WHAT IS NEEDED: A full, word-for-word copy of the listing below is needed; leave the images out of it.

DATASET EXTRACT:
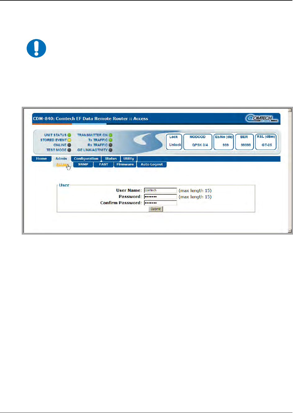 The ‘Admin | Access’ page (Figure 5-3) provides the means to set up the user names and
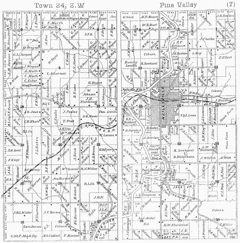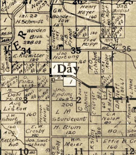 **Note: Our County Historian, Steve Roberts, places the Community center of Day in Pine Valley Township, The actual location is easily viewed on this more detailed 1893 Map of Pine Valley Twp. Day is located at the very bottom of the map directly down from Neillsville. |
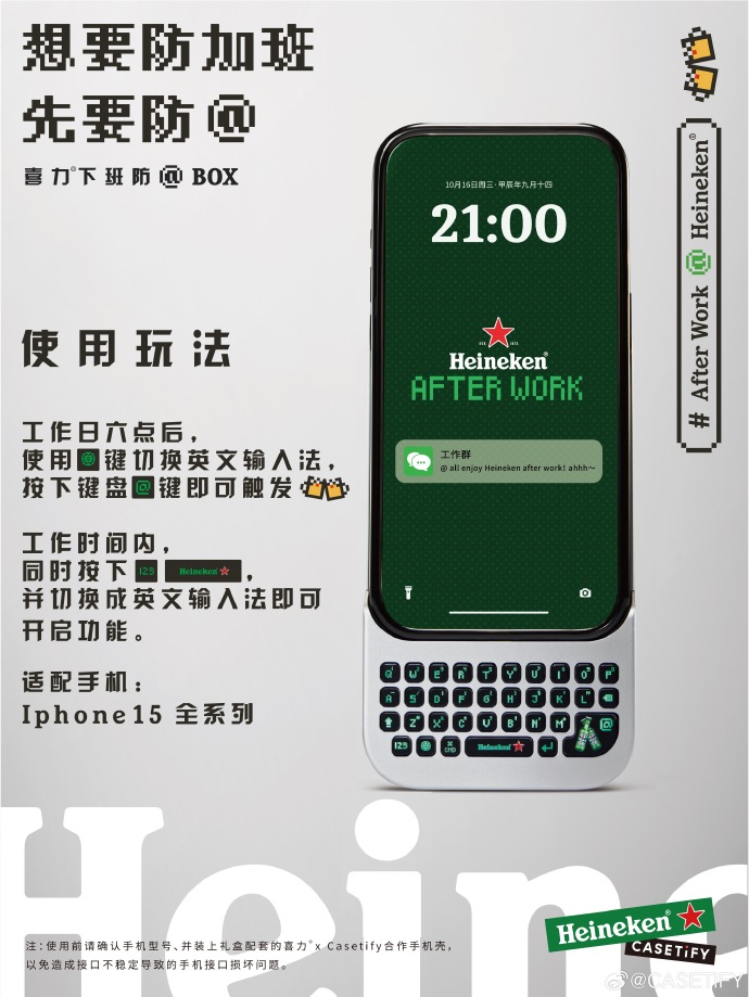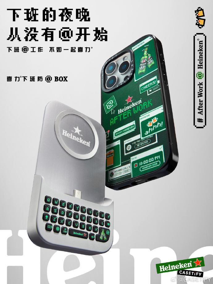 手机壳品牌CASETiFY联合喜力啤酒,推出一款针对iPhone15系列手机的手机壳,拥有一键防@ 功能键盘,让想要艾特的工作通通变成干杯。

RESPONSE TO THE EXERCISE:
 The ‘Admin | Access’ page (Figure 5-3) provides the means to set up the user names and
 **Note: Our County Historian, Steve Roberts, places the Community center of Day in Pine Valley Township, The actual location is easily viewed on this more detailed 1893 Map of Pine Valley Twp. Day is located at the very bottom of the map directly down from Neillsville. |
 手机壳品牌CASETiFY联合喜力啤酒,推出一款针对iPhone15系列手机的手机壳,拥有一键防@ 功能键盘,让想要艾特的工作通通变成干杯。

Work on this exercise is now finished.